Test Query Configuration
The API Proxy connector requires at least one test query for health checks to determine that the API is available and healthy. Test queries follow the same APIProxyQuery schema as other request types.
Test queries are used by the RM Agent to verify connectivity and availability before processing privacy requests. Configure test queries to call a lightweight endpoint that confirms the API is reachable and properly authenticated.
Example test query:
{
"url": "https://api.acme.com/health",
"headers": {
"Authorization": "Bearer {api_key}"
},
"verb": "GET",
"verify_ssl": "true",
"valid_response_codes": [200],
"fail_retry_response_codes": [500, 502, 503]
}
Troubleshooting
If you are unable to successfully connect the integration, review these common troubleshooting steps:
Agent Unable to Connect to API Proxy
- Verify that the network is configured to allow the Agent to connect with the API Proxy instance.
- Verify the Agent has permissions to access the API Proxy credentials stored in your vault.
Agent is Not Connected in DataGrail
- Confirm that the Agent is running, and logs do not indicate any errors.

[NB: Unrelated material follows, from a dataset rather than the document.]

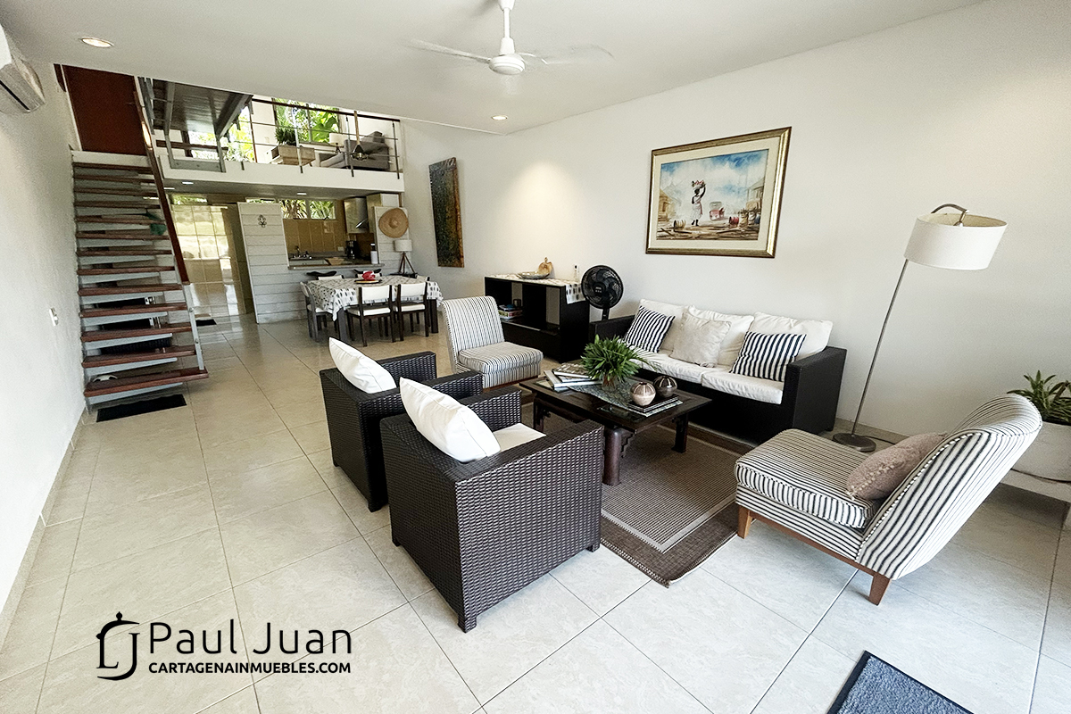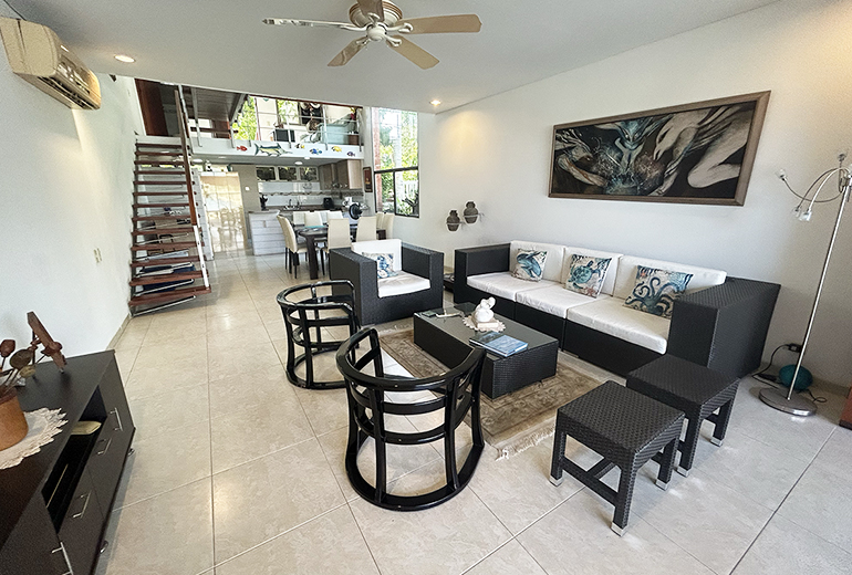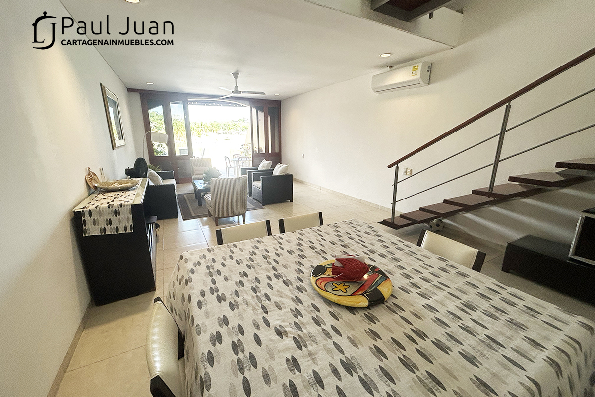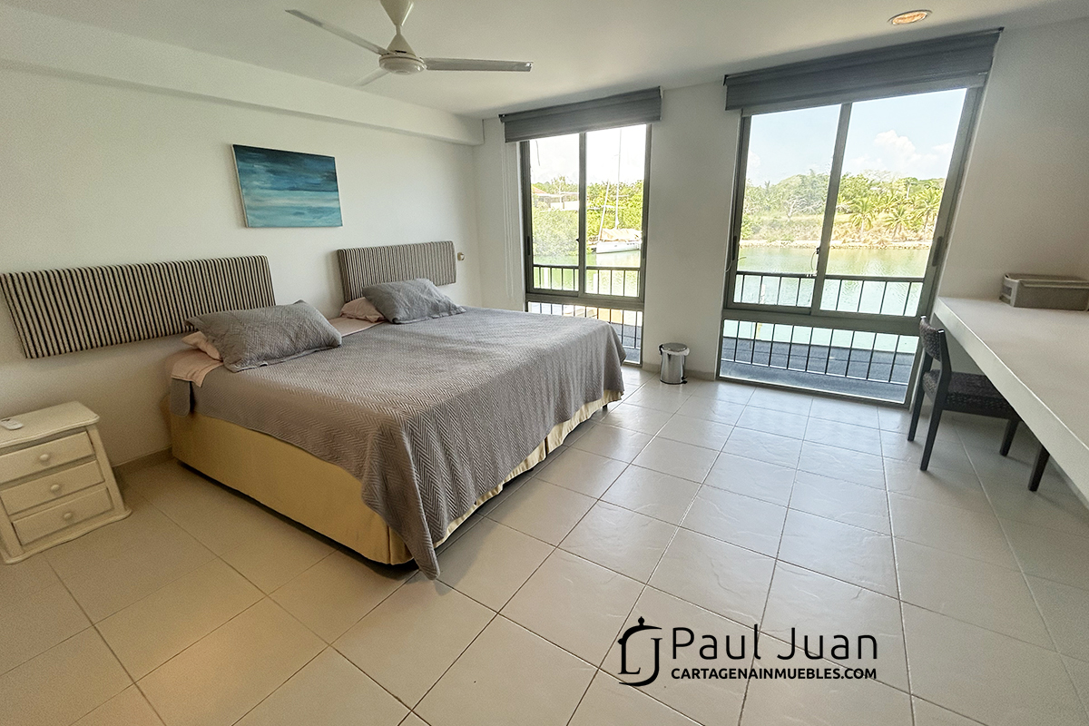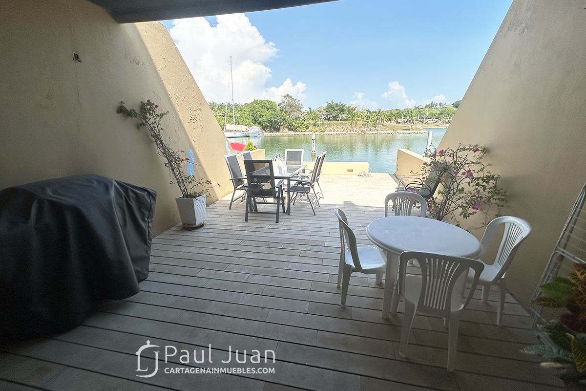 Fabulosa casa náutica con muelle propio, en venta, dentro del Condominio Marina de Barú. Tiene Tres habitaciones, cada una con baño, baño social, sala, comedor, cocina, zona de labores y una gran terraza frente al agua. Se vende amoblada excepto las piezas de arte.

- The DataGrail API Key used by the Agent is valid and not expired.
- The Agent has permissions to access the DataGrail API Key stored in your vault.
- Network egress is permitted from the Agent to your DataGrail domain.
Technical Details
| Access Type | Synchronous |
|---|---|
| Deletion Type | Synchronous (Whole Record) |
| Opt Out Type | Synchronous |
Disclaimer: The information contained in this message does not constitute as legal advice. We would advise seeking professional counsel before acting on or interpreting any material.